Kann ich nun einfach das alte Motherboard austauschen und dann die Festplatte anschließen oder wird dies kompliziert? Wenn ja was muss ich beachten? Welche Treiber muss ich vorher deinstallieren?....

Ich hoffe auf schnelle Antworten und bedanke mich schon jetzt einmal recht herzlich bei Ihnen.

P.S. Eine externe Festplatte für Datensicherung besitze ich leider nicht, weshalb ich eine Neuinstallation des alten Betriebssystems gerne vermeiden würde.


----------



## DKK007 (20. Mai 2015)

*AW: Alte Festplatte auf neues System übernehmen-geht das überhaupt?!*

Vorher solltest du aber doch deine wichtigsten Daten sichern!

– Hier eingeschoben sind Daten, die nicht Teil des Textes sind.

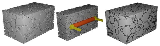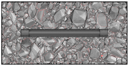 To investigate the influence of asphalt mixture heterogeneity on the measurement performance of buried strain sensors, this study employed a mesoscale structural reconstruction method previously developed by the authors [38]. This method is based on rigid body dynamics to simulate the motion and interaction of aggregate particles. A digital aggregate library was first established by performing three-dimensional scans of actual aggregate particles. By using the digital aggregates in the library together with a rigid-body dynamics algorithm, a stable aggregate skeleton of the asphalt mixture can be generated. This method enables a one-to-one reconstruction of the mesoscale structure of asphalt mixtures. When incorporating the buried strain sensor model, the sensor geometry was predefined at a designated location to avoid spatial overlap with the aggregates. Considering computational limitations, the asphalt mixture specimen used in this study is set to dimensions of 14 cm × 8 cm × 8 cm. Figure 4 illustrates the heterogeneous structure of the asphalt mixture with a buried strain sensor. The sensor dimensions in this study are based on the AS-200 model, with a diameter of 10 mm, a flange length of 10 mm, and a total length of 80 mm. The gauge length of the sensor is defined by the flange spacing, resulting in a gauge length of 60 mm.

Wenn du vor dem austausch der Platten die Grafik-, Chipsatztreiber, usw. unterwirfst sollte es kein Problem sein. 

Warum kauft du dir denn den teuren Haswell-E, fürs Spielen würde es auch den i7-4790K tun.


----------



## Amon (20. Mai 2015)

*AW: Alte Festplatte auf neues System übernehmen-geht das überhaupt?!*

Also das kann funktionieren.  Sichere deine wichtigen Daten vorher und baue dann um. Dann einfach mal booten. Entweder erkennt Windows die neue Hardware und macht automatisch die nötigen updates oder es schmiert dir im schlimmsten Fall mit einem Bluescreen ab. Eine saubere Neuinstallation ist aber vorzuziehen.


----------



## XyZaaH (20. Mai 2015)

*AW: Alte Festplatte auf neues System übernehmen-geht das überhaupt?!*

Sichere die wichtigen Daten, formatiere die Platte, installier Windows neu und dann kopier die Daten auf die alte Festplatte und alles ist super.


----------



## DunklerLord16 (20. Mai 2015)

*AW: Alte Festplatte auf neues System übernehmen-geht das überhaupt?!*

Ich würde lieber direkt auf die neuere Schnittstelle 2011-3 umsteigen um auch den neuen DDR-4 Speicher nutzen zu können und für die Zukunft gerüstet zu sein.
Das bedeutet also, dass ich meine ganzen daten von der Festplatte auf eine externe Festplatte sichern muss? Sind dann wirklich alle Daten übertragen ( sprich Spielstände etc...)? Habe ziemlich Angst meine Daten zu verlieren.....
Dann würde ich die Festplatte formatieren und Windows neu installieren. Stimmt dies so?


----------



## DKK007 (20. Mai 2015)

*AW: Alte Festplatte auf neues System übernehmen-geht das überhaupt?!*



XyZaaH schrieb:


> Sichere die wichtigen Daten, formatiere die Platte, installier Windows neu und dann kopier die Daten auf die alte Festplatte und alles ist super.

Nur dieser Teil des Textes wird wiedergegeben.